BEGIN Data section
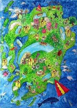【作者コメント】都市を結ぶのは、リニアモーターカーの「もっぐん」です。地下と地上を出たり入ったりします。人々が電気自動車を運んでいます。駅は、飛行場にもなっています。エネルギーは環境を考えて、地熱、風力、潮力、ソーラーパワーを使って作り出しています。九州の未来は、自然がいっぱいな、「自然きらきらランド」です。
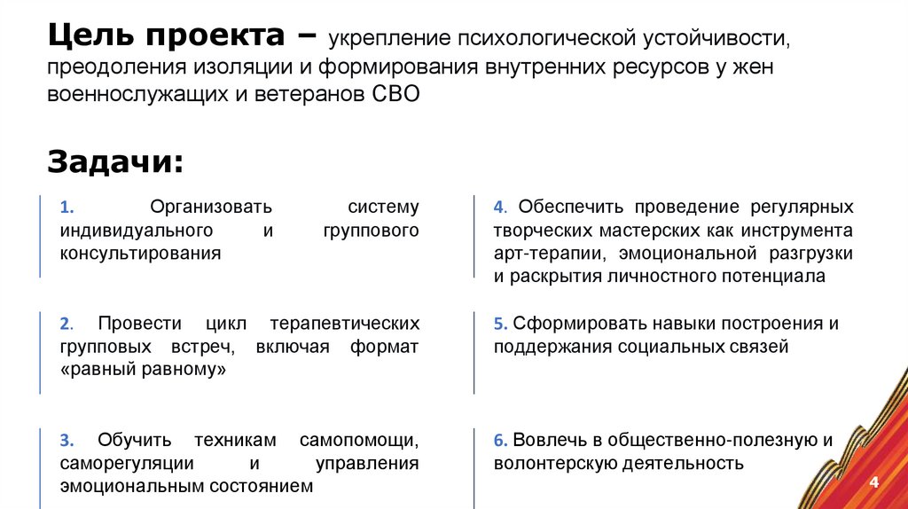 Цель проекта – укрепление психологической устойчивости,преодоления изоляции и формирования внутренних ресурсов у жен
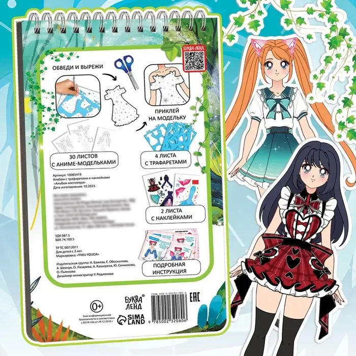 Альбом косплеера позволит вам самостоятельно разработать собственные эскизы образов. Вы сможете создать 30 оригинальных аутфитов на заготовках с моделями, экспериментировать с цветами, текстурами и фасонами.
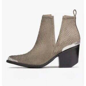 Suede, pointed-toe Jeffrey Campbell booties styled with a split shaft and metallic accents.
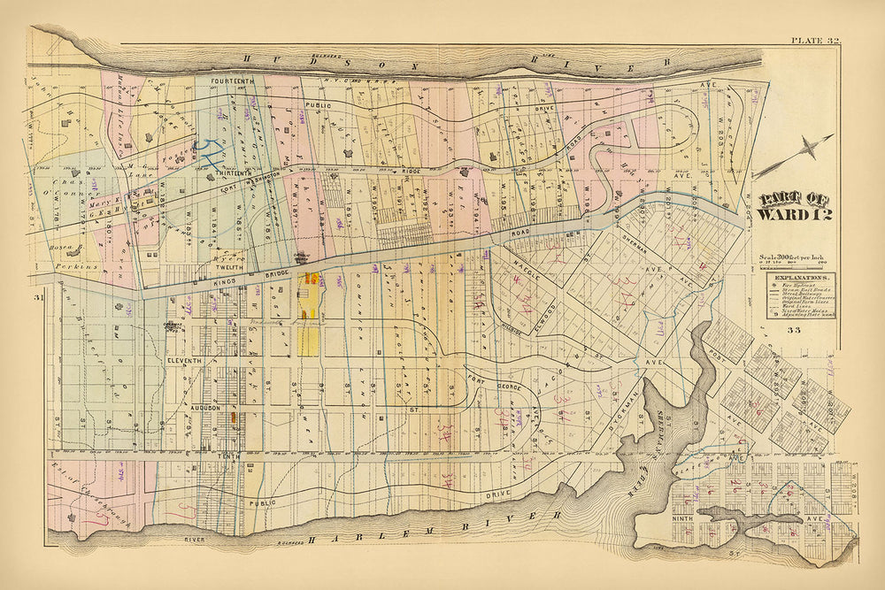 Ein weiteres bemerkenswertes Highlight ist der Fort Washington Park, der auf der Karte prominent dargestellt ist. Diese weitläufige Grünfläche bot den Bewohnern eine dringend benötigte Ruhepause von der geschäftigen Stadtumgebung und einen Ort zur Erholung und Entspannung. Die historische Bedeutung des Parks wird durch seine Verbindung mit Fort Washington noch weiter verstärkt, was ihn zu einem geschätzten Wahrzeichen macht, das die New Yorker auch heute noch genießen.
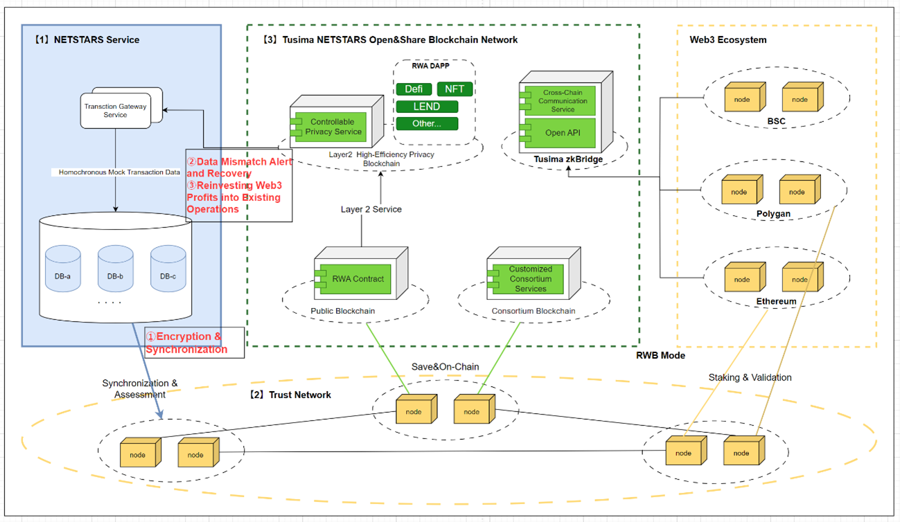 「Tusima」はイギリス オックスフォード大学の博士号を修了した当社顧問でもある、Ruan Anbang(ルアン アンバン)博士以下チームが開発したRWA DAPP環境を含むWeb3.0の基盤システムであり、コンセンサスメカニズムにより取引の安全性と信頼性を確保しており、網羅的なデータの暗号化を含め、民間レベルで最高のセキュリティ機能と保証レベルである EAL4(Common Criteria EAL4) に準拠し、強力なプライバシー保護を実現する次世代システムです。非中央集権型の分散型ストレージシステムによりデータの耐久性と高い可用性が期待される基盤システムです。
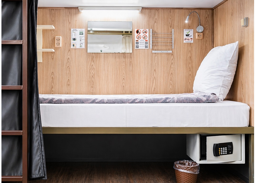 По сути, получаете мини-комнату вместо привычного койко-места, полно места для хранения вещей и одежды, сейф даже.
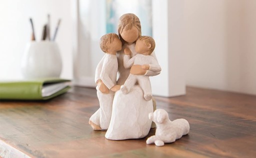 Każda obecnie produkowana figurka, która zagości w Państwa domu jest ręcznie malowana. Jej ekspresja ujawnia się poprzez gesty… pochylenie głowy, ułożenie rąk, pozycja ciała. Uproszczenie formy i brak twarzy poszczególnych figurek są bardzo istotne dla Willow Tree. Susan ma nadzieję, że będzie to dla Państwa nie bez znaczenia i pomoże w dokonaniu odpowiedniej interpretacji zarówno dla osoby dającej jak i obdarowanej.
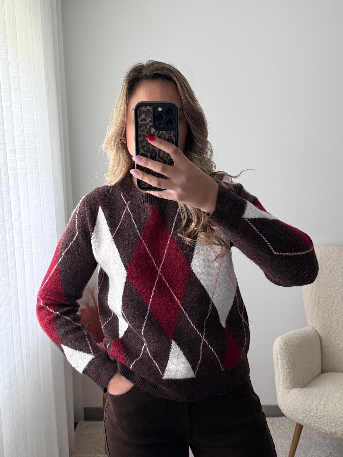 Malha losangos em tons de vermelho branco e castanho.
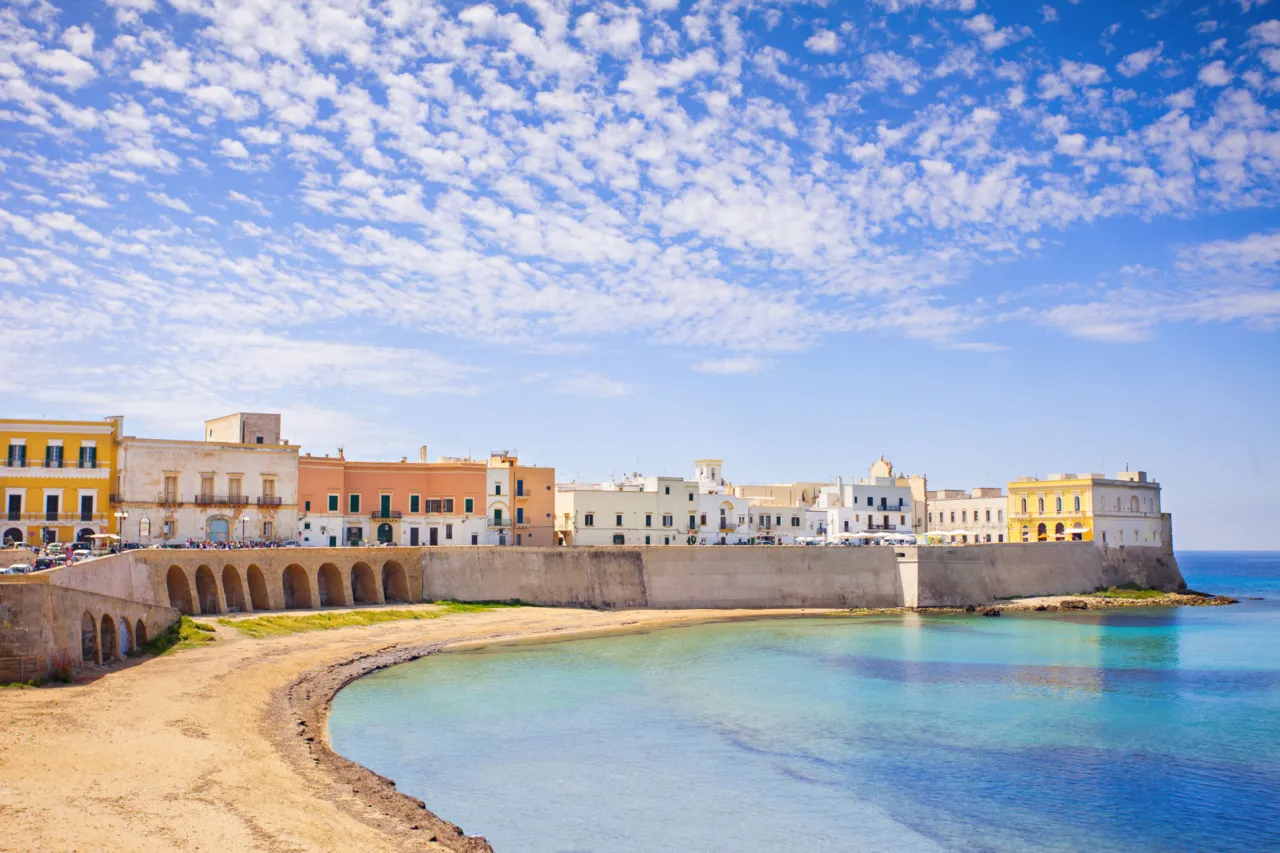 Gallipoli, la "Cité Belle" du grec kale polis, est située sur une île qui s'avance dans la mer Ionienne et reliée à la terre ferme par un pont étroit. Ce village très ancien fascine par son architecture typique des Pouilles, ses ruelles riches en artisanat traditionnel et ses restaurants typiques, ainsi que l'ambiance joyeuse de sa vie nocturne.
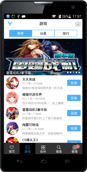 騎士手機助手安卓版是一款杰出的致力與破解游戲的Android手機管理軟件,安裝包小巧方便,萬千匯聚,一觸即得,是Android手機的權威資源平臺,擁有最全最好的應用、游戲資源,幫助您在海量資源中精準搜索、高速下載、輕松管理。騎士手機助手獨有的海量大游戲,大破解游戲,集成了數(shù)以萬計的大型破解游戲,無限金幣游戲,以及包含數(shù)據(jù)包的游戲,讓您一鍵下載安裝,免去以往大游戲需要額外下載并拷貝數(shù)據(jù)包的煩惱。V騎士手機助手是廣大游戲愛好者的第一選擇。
END Data section
BEGIN Data section
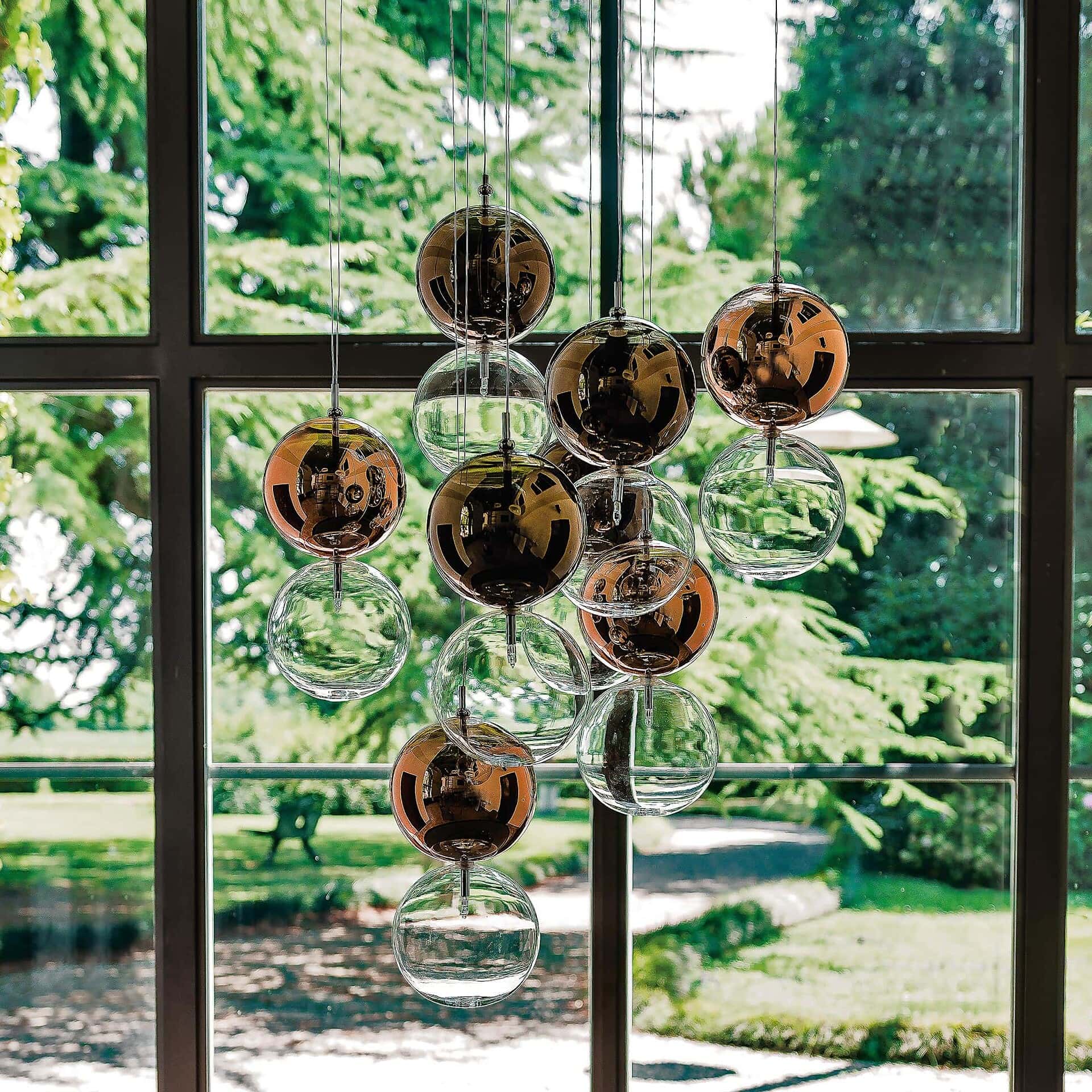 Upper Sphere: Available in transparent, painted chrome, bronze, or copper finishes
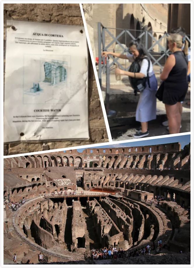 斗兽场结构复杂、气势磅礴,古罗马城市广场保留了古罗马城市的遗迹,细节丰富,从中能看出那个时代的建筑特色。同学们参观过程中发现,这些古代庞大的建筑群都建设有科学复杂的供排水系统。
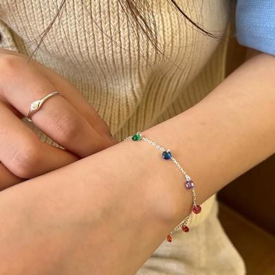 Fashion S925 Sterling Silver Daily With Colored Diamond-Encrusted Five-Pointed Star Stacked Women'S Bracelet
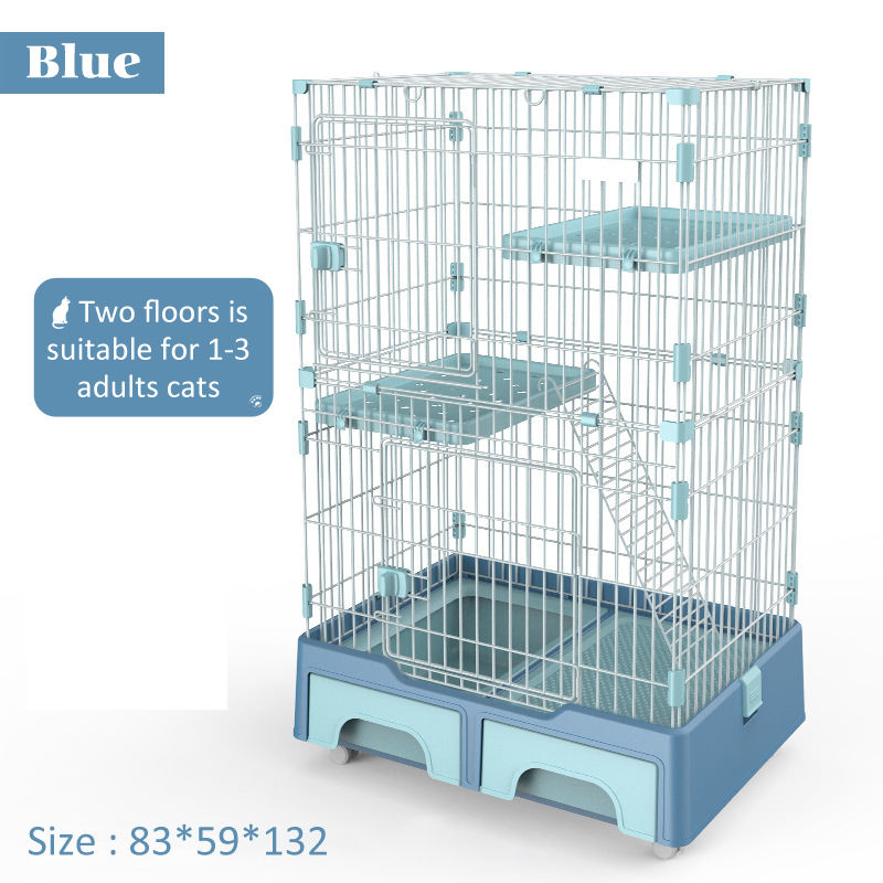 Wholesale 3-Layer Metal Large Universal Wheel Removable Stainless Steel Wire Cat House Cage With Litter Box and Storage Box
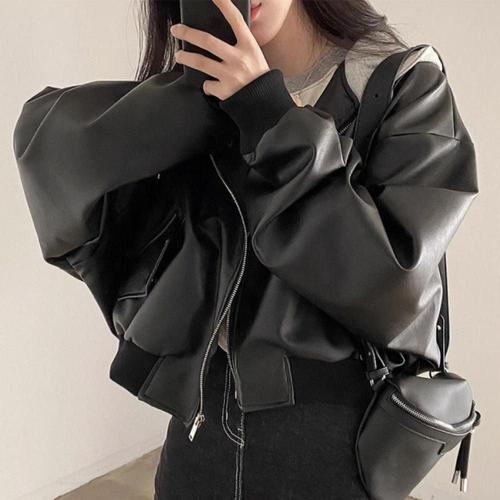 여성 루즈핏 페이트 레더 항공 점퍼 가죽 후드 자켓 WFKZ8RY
END Data section
BEGIN Data section
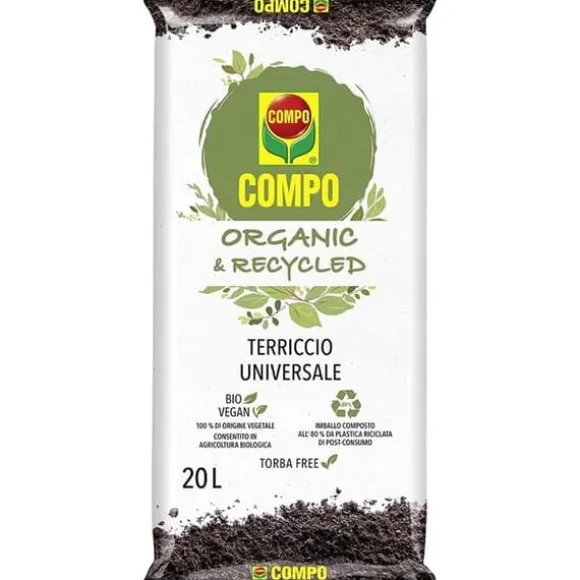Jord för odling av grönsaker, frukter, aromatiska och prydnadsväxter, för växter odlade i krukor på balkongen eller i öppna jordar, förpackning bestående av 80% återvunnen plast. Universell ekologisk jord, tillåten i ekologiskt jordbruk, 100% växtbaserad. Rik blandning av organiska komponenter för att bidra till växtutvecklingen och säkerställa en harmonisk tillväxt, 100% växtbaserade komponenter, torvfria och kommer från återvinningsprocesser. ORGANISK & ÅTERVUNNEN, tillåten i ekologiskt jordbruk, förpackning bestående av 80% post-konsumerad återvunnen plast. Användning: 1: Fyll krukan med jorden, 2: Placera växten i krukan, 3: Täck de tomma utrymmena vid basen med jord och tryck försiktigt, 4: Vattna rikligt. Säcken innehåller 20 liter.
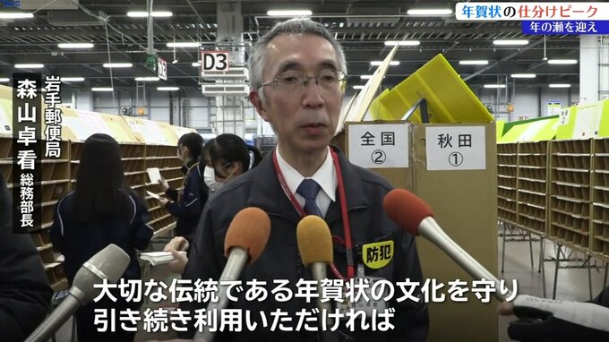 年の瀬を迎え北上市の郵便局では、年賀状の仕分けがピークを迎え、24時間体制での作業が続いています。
END Data section
Every line above between the one containing "斗兽场结构复杂、气势磅礴,古" and the one containing "여성 루즈핏 페이트 레더 항공 점퍼 가죽 후드 자켓 WFKZ8RY", those two included, is to be printed exactly. No pictures go into the copy.

 斗兽场结构复杂、气势磅礴,古罗马城市广场保留了古罗马城市的遗迹,细节丰富,从中能看出那个时代的建筑特色。同学们参观过程中发现,这些古代庞大的建筑群都建设有科学复杂的供排水系统。
 Fashion S925 Sterling Silver Daily With Colored Diamond-Encrusted Five-Pointed Star Stacked Women'S Bracelet
 Wholesale 3-Layer Metal Large Universal Wheel Removable Stainless Steel Wire Cat House Cage With Litter Box and Storage Box
 여성 루즈핏 페이트 레더 항공 점퍼 가죽 후드 자켓 WFKZ8RY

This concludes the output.